3 thoughts on “Afloat? by Alan Townend

  1. Dear Alan,

    When I read an essay of you most times it is a scream. This essay is especially. I would like to copy, here again as I don’t want to change your composition. It can’t be change anything because it is perfect as it is.
    1. I like your self-irony as you explain why you didn’t like to fly.” your stomach above the clouds and then landing with a bump on the runway. Funny isn’t it? – you always land with a bump and a bounce. After you chew upon at least in the 21st century someone would have devised a method by which you didn’t have to bump and bounce when you landed.
    2. So, how else can you travel? There’s going by car. And you say in detail which is good to go by car.
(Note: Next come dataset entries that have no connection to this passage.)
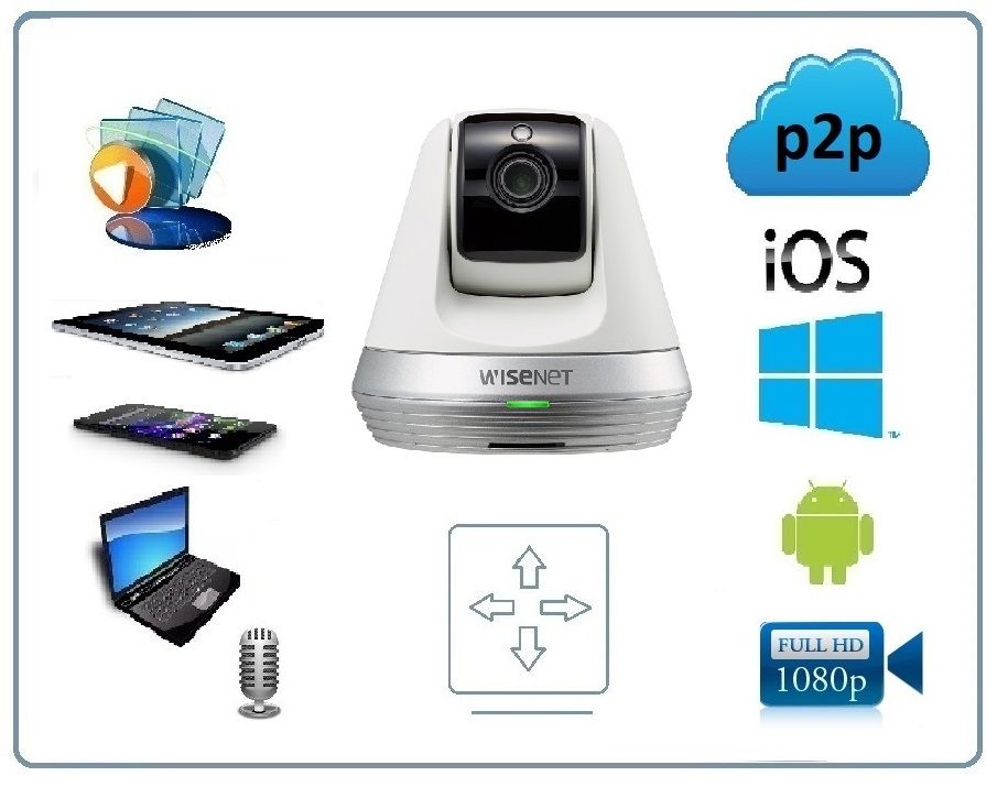 Компактная видеокамера для дома и офиса от известного производителя высококачественной электроники Wisenet SmartCam SNH-V6410PW. Компактная видеокамера, оснащённая всеми необходимыми для комфортного удалённого контроля функциями, подключается к сети Wi-Fi, а наблюдение и управление поворотом камеры осуществляется с помощью мобильного устройства или компьютера из любой точки планеты через интернет. Особенности видеокамеры заключаются в стабильной работе, высоком качестве звука и изображения в формате Full HD 1080p, продвинутом и стабильном приложении с поддержкой уведомлений для iOS, Android, Mac, Windows, а также надёжности и безопасности устройства, гарантированными известным производителем. Пользователю доступна функция выбора до трёх зон в области обзора, в которых будет отслеживаться движение, а также функция автоматического поворота камеры вслед за движением.
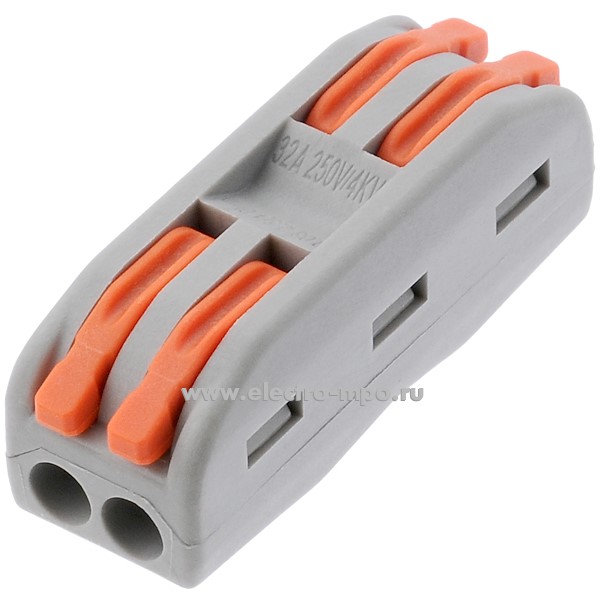 К4342. Зажим VSE-N4H-2P безвинтовой 2 пары х(0,14-4,0) кв.мм. серый (Электромонтаж)
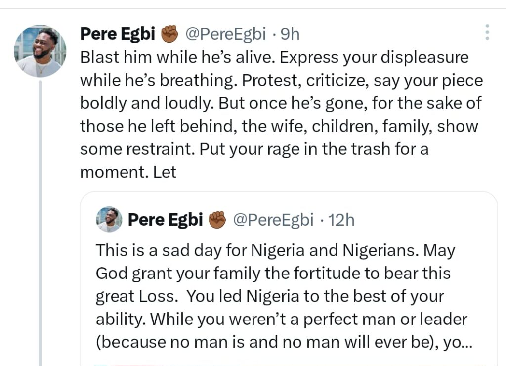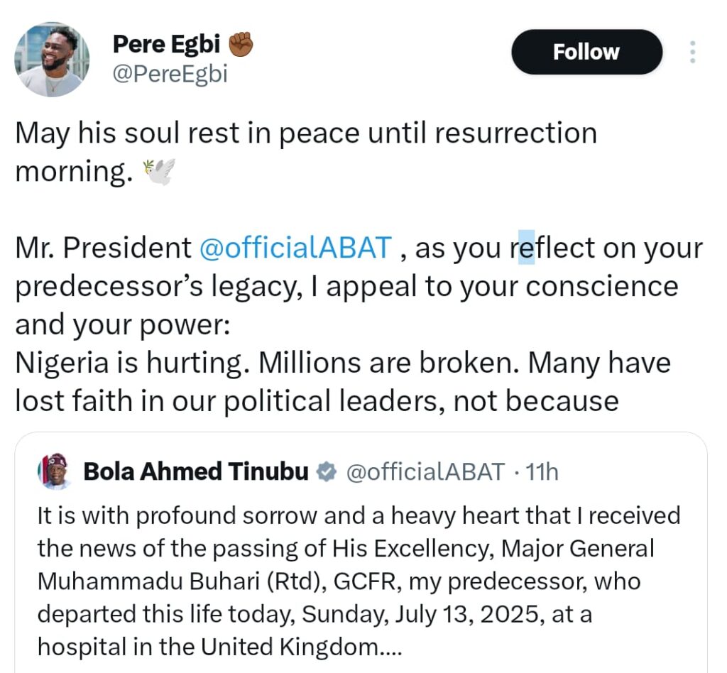 Apart from his message to the president, Pere also called out Nigerians who have been celebrating Buhari’s death. He said mocking someone after they’ve passed away is not right, no matter what they did while they were alive.

    3. You set out for the port of Southampton allowing what we thought was plenty of time but it was only just in the nick of time, as you discovered later because it was one of those days when all the world and his dog had decided that morning to go on the same motorways as we did. (ha-ha) But all’s well that ends well. You reached the harbour: ‘Bags of time.’
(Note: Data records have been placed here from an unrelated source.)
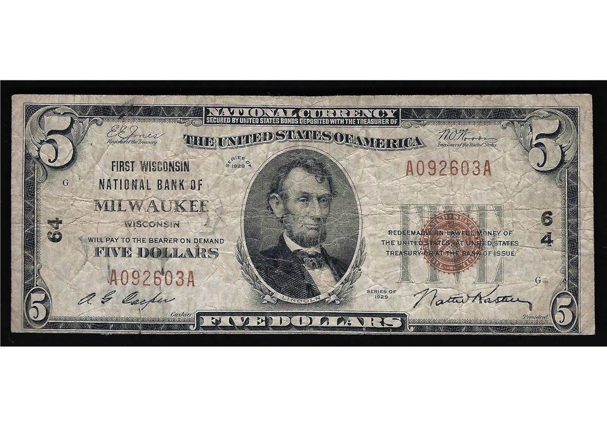 One 1929 $5 The First Wisconsin National Bank of Milwaukee National Currency Note.
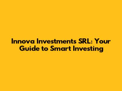Innova Investments SRL: Your Guide To Smart Investing
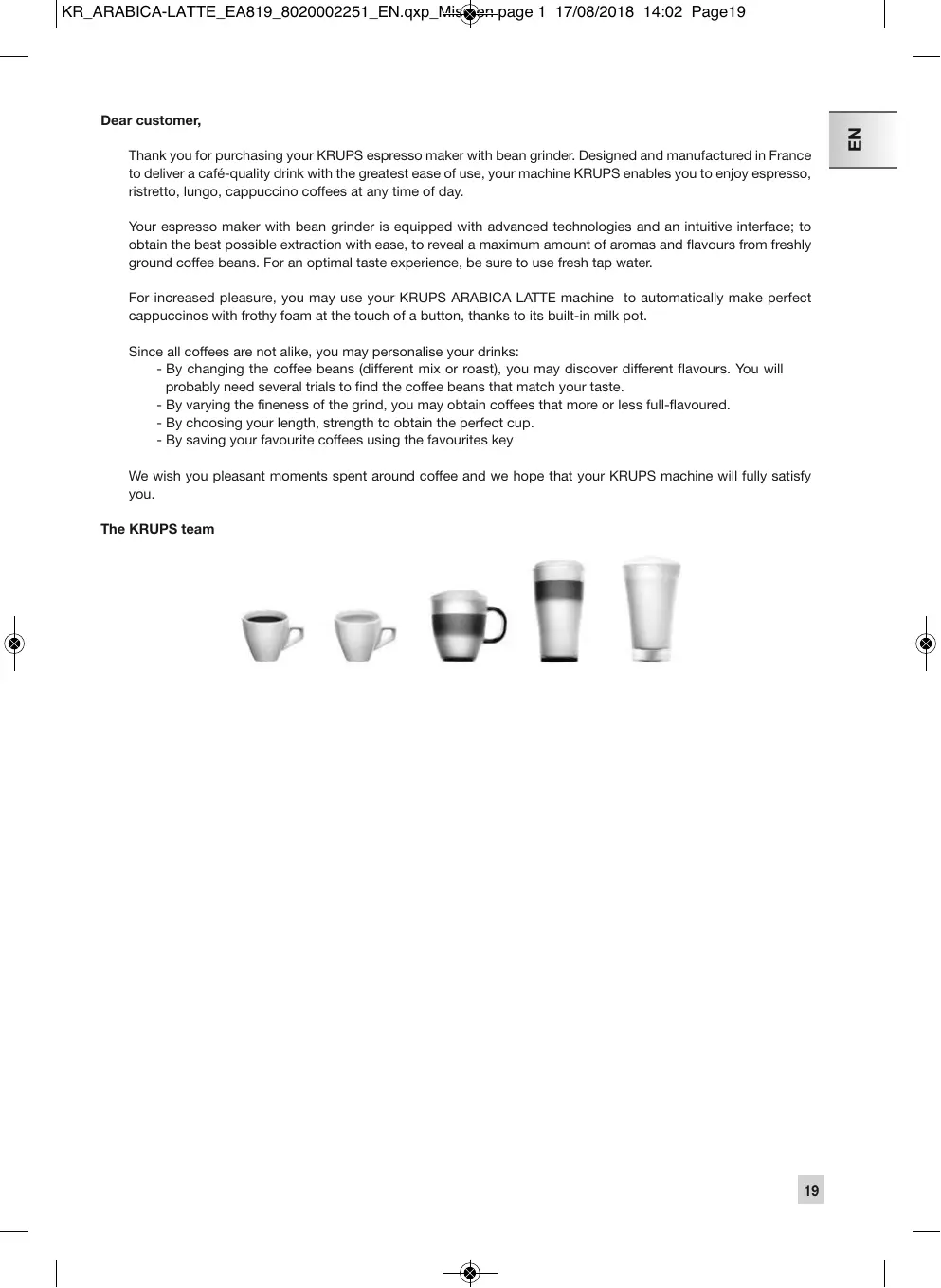 Thank you for purchasing your KRUPS espresso maker with bean grinder. Designed and manufactured in France to deliver a café-quality drink with the greatest ease of use, your machine KRUPS enables you to enjoy espresso, ristretto, lungo, cappuccino coffees at any time of day. Your espresso maker with bean grinder is equipped with advanced technologies and an intuitive interface; to obtain the best possible extraction with ease, to reveal a maximum amount of aromas and flavours from freshly ground coffee beans. For an optimal taste experience, be sure to use fresh tap water. For increased pleasure, you may use your KRUPS ARABICA LATTE machine to automatically make perfect cappuccinos with frothy foam at the touch of a button, thanks to its built-in milk pot. Since all coffees are not alike, you may personalise your drinks: - By changing the coffee beans (different mix or roast), you may discover different flavours. You will probably need several trials to find the coffee beans that match your taste. - By varying the fineness of the grind, you may obtain coffees that more or less full-flavoured. - By choosing your length, strength to obtain the perfect cup. - By saving your favourite coffees using the favourites key We wish you pleasant moments spent around coffee and we hope that your KRUPS machine will fully satisfy you. The KRUPS team

    4. You’re even told us what style of dress you should wear – casual or smart casual or semi-formal or of course formal.
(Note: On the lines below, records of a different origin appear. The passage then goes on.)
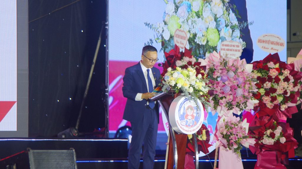 Tại buổi lễ, Chủ tịch Hội đồng trường Đỗ Tuấn Minh đã thể hiện sự trân trọng với những đóng góp to lớn của các thế hệ thầy cô, cán bộ và sinh viên Khoa NN&VH Nga trong suốt bảy thập kỷ. Khoa đã giữ vững truyền thống đoàn kết, chuyên môn vững vàng, đào tạo nên nhiều thế hệ chuyên gia, nhà giáo, nhà ngoại giao và nhà nghiên cứu xuất sắc, đóng góp quan trọng cho quan hệ Việt – Nga. Khẳng định Khoa Ngôn ngữ và Văn hóa Nga không chỉ là địa chỉ đào tạo uy tín mà còn là trung tâm nghiên cứu hàng đầu về ngôn ngữ và văn hoá Nga, với mạng lưới hợp tác quốc tế rộng mở và sức hút tuyển sinh ngày càng tăng, đặc biệt trong bối cảnh mới của quan hệ đối tác chiến lược Việt Nam – Liên bang Nga, tiếng Nga tiếp tục giữ vai trò đặc biệt quan trọng, TS. Đỗ Tuấn Minh tin tưởng rằng với truyền thống 70 năm và đội ngũ giảng viên đầy tâm huyết, Khoa sẽ tiếp tục tiên phong trong đổi mới, chuyển đổi số và ứng dụng AI, xây dựng các chương trình đào tạo hiện đại, đáp ứng nhu cầu xã hội. Thay mặt lãnh đạo Nhà trường, Chủ tịch Hội đồng trường xin gửi lời tri ân sâu sắc và lời chúc mừng nồng nhiệt tới toàn thể các thế hệ thầy cô, sinh viên và học viên của Khoa và chúc Khoa tiếp tục phát triển mạnh mẽ và tỏa sáng hơn nữa trong chặng đường sắp tới.
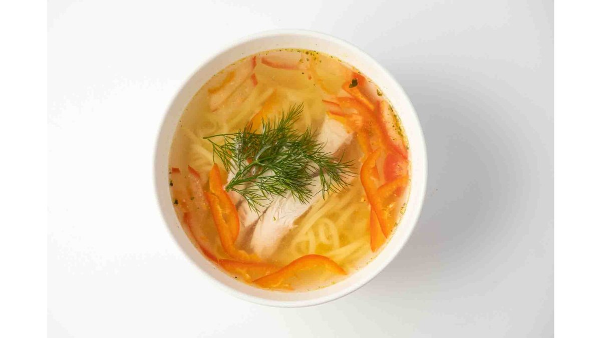 Прозрачный куриный бульон с ароматной домашней лапшой, отварным яйцом и свежей зеленью. Лёгкий и сытный, приготовлен по традиционному рецепту — для тех, кто ценит вкус настоящего домашнего супа
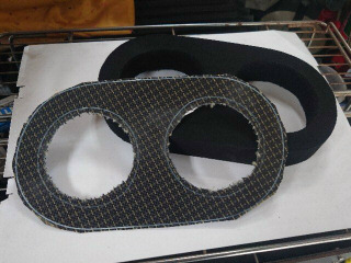 メータパネルのカーボン板と30mm厚のスポンジゴムをラフに加工します。
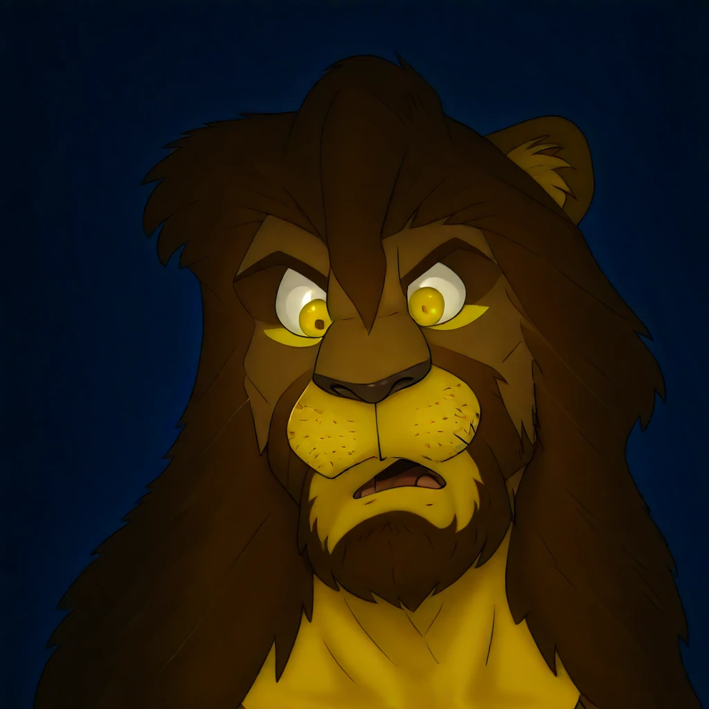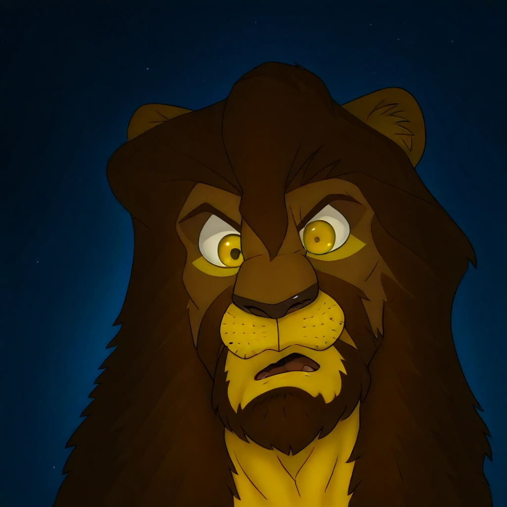 galen dhaelos , mitzakan , dilacted pupils, white sclerals, yellow iris ,solo ,1boy , head shot , brun mane, little brun beard , identical colors furs, open mouth dized , hd ,night background, lion anthro , identical art style , differents pupils sizes
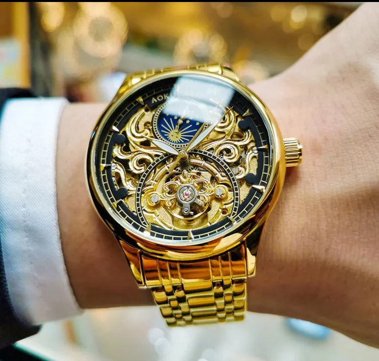 Introducing "Regal" - meticulously crafted for sophistication, blending innovative mechanics with sleek design. Embrace the artistry of time with every tick—an unrivaled testament to craftsmanship
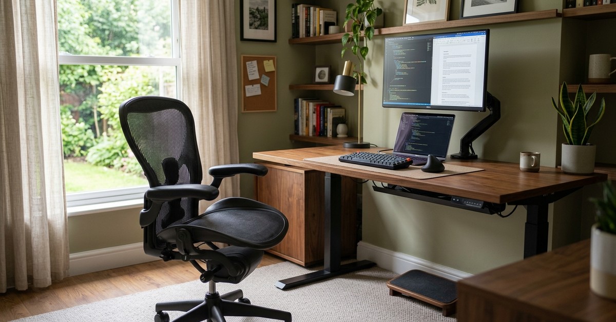 Ergonomic home office featuring a comfortable, supportive chair and a desk at the correct height for good posture and reduced strain.

    5. Where you will sit for your evening meal—you are reminded an occasion the man you found yourselves sitting next to a couple at lunch one day and the husband sneezing at roughly one minute intervals. On the first night, you wondered who would join you. No-one did that night, the second night or the third night. It was at a time like that you imagine you have got some sort of personality disorder and are tempted to put up a notice reading: No, we don’t have the bubonic plague! Eventually, we joined another table that had two spare seats. The couple from London, no problem. The other couple (a charming pair I have to add) from Glasgow, a big problem. They both spoke with very strong Glasgow accents – she was understandable, but he (and I was the one sitting next to him) was virtually incomprehensible. I found myself in a situation where he would ask a question requiring a ‘yes’ or a ‘no’ and I based my answer on how I interpreted the expression on his face. If he smiled, I tried a ‘yes’ and if he scowls, hazarded a ‘no’. I think it worked. In this part, I laughed heartily but meantime I imagined myself in your place with my husband who never would have believed to me that the mistake is in the strong Glasgow accent, but he had believed that I learned English, but I was unable to understand my fellow diner. It was the most surprising to me that you who thousands of students taught and understood you didn’t understand your compatriot. I remember when from Singapore a guy readout a text and asked every teacher that they found out from which country he was living. The answers were very different only you said very uncertainly I think he can live in a country Chinese. And .you were right.

    I could enumerate the details, but I don’t want that my answer would be longer than your essay.

    Dear Alan, I am very grateful to Torsten that he sent me this essay. I enjoyed very much and I spoke about the Skype session to the other students. They enjoyed.